Ale ja go nie znałem. Nigdy wcześniej nie widziałem go na żywo.

Pierwszy raz spotkaliście się z Lechem Kaczyńskim i on ot tak zaproponował: „Panie Ołdakowski, mam dla pana angaż. Zostanie pan szefem muzeum?

Z tym spotkaniem to wcale nie było takie proste. Najpierw wiosną 2003 roku w gronie przyjaciół wymyśliliśmy szkolny konkurs wiedzy o Powstaniu Warszawskim. Wcześniej pracowaliśmy razem w Ministerstwie Kultury, gdzie robiliśmy różne okolicznościowe akcje. Wpadliśmy więc na pomysł, że skoro zbliża się sześćdziesiąta rocznica Powstania, a widać było, że nic się w tej kwestii nie dzieje, to może warto coś przygotować. Byliśmy wtedy radnymi dzielnicowymi z list Prawa i Sprawiedliwości – ja z Leną Cichocką na Mokotowie, Paweł Kowal na Ochocie, był też w tym zespole Robert Kostro, dzisiejszy dyrektor Muzeum Historii Polski, i jeszcze kilka osób. Do takiego konkursu potrzebowaliśmy nagród, bo wiadomo, że patriotyzm oczywiście rozpala żar młodzieży, ale dopiero konkretne nagrody odpowiednio go podsycają. Z kolei bez patronatu prezydenta Warszawy pies z kulawą nogą się tym naszym konkursem nie zainteresuje i z nagród też nici. Musieliśmy się więc spotkać z Lechem Kaczyńskim.

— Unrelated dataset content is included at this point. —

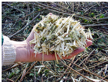
Figure 5: Broyat de branches de saule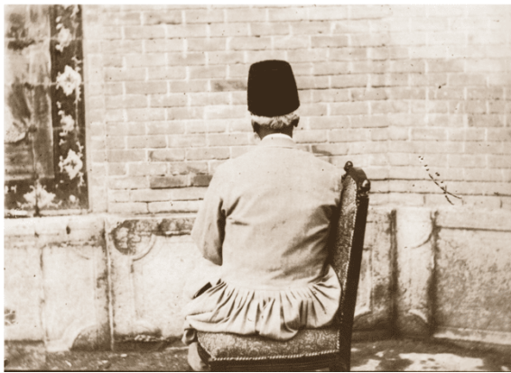
تصویر ۱۴. کاخ گلستان، مردی پشت به دوربین نشسته است.

تصویر شماره (۱۴) کاملاً در تقابل با تصاویر دسته اول قرار می‌گیرد. اگر تلاش عکاسی در آن دسته از عکس‌ها ثبت هویت، اقتدار، نام و نشان و سمت افراد است، در این عکس اتفاقی کاملاً دیگرگون افتاده و از این لحاظ آن تلاش‌ها برای دیده شدن، شناخته شدن و ماندگار شدن را به استهزا گرفته است. بازیگوشی‌هایی از این دست گرچه ظاهراً عکس‌هایی جدی و مهم خلق نکرده اما شکستن فرم‌های رایج بدن و مقاومت در برابر میلی که چهره را تنها در فیگورهای خاص به رسمیت می‌شناسد، از آن‌ها عکس‌هایی بسیار جدی ساخته است که با عکس‌های مردم کوچه و بازار وجه اشتراک پیدا می‌کند.

Wystarczyło zadzwonić do sekretariatu Lecha Kaczyńskiego i już? „Dzień dobry, pani mnie pewnie nie zna, ale mówi radny Ołdakowski, chciałbym się umówić z prezydentem miasta”.

To nie było takie proste. Musieliśmy użyć znajomości. Pomógł Kazimierz Ujazdowski i Mariusz Kamiński (późniejszy szef CBA), chociaż nawet z jego wstawiennictwem i tak to trwało długo. W końcu się udało, dostałem termin spotkania. Musiałem przyjść godzinę wcześniej i wszystko najpierw wyjaśnić Elżbiecie Jakubiak, szefowej gabinetu prezydenta. Ją też dopiero wtedy poznałem. Konkurs miał się nazywać „Mój bohater”. Szefem jury był już dogadany z nami Władysław Bartoszewski, a w komitecie honorowym widzieliśmy Jarosława Kaczyńskiego, Lecha Kaczyńskiego i Andrzeja Przewoźnika (wtedy sekretarza Rady Ochrony Pamięci Walk i Męczeństwa). Patronat medialny miała objąć „Gazeta Stołeczna”.

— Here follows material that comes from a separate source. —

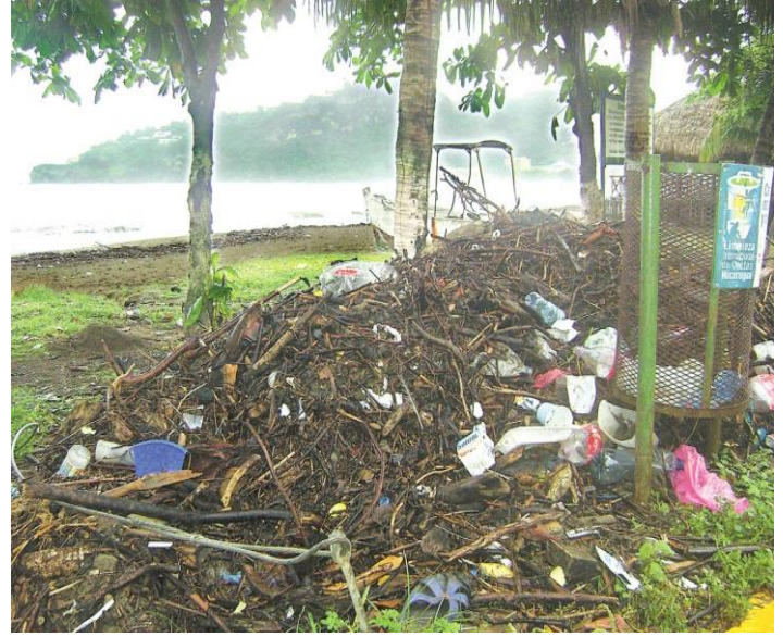
Basura Generada por turistas que visitan el municipio

Zestaw Bartoszewski i Kaczyńscy plus „Wyborcza” z dzisiejszego punktu widzenia to dosyć oryginalne połączenie. Mówiąc oględnie.

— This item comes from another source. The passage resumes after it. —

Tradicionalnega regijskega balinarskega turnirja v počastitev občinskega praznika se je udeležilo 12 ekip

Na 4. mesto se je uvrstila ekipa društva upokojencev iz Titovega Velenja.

Inna epoka. Wtedy wszystko było na dobrej drodze. W końcu prezydent Kaczyński przyjmuje mnie w gabinecie. Mam kwadrans na wyłożenie koncepcji. Kłopot w tym, że prezydent niby mnie słyszy, ale kompletnie nie słucha. Zdawkowo zadaje jakieś pytania – widać, że myśli o czymś innym. W pewnym momencie wchodzi sekretarka i mówi, że prezes Najwyższej Izby Kontroli, który miał przyjść na spotkanie, nie dotrze. Musiał wrócić do sejmu i bardzo przeprasza. Mamy dodatkowe pół godziny. Lech Kaczyński się rozluźnia, przestaje nerwowo chodzić i podziwiać ściany, łapie kontakt wzrokowy i zaczyna słuchać. Rozmowa zaczyna się od nowa. Szybko podchwytuje ideę naszego konkursu i po chwili już w nieco luźniejsze atmosferze opowiadam mu, dlaczego interesuje mnie historia i jak opowiadać o niej młodym ludziom. Spotkanie mocno się przeciąga, pod koniec Kaczyński mówi: „Wie pan, bo ja mam taki kłopot. Kilka tygodni temu wyrzuciłem z pracy za brak postępów swojego pełnomocnika do spraw budowy Muzeum Powstania Warszawskiego. A może pan by się tym zajął?”. Ja na to, że bardzo chętnie, ale z jednym zastrzeżeniem: wszystkie takie projekty przygotowujemy w duecie z Pawłem Kowalem. W zasadzie – pomyślałem – świetnie się składa. Galeria OFF już się wtedy zamykała, bo teatr wypowiedział umowę najmu. Mieliśmy co prawda pomysł na nową, nieco ambitniejszą knajpę – a tu nagle taka propozycja.

(…)

W maju 2003 roku prezydent Kaczyński składa panu propozycję objęcia funkcji pełnomocnika do spraw budowy muzeum, potem zbieracie wasze doświadczenia z Wersalu, Zamku Królewskiego i Muzeum Wielorybnictwa, piszecie konspekt, podwijacie rękawy i zaczynacie budowę?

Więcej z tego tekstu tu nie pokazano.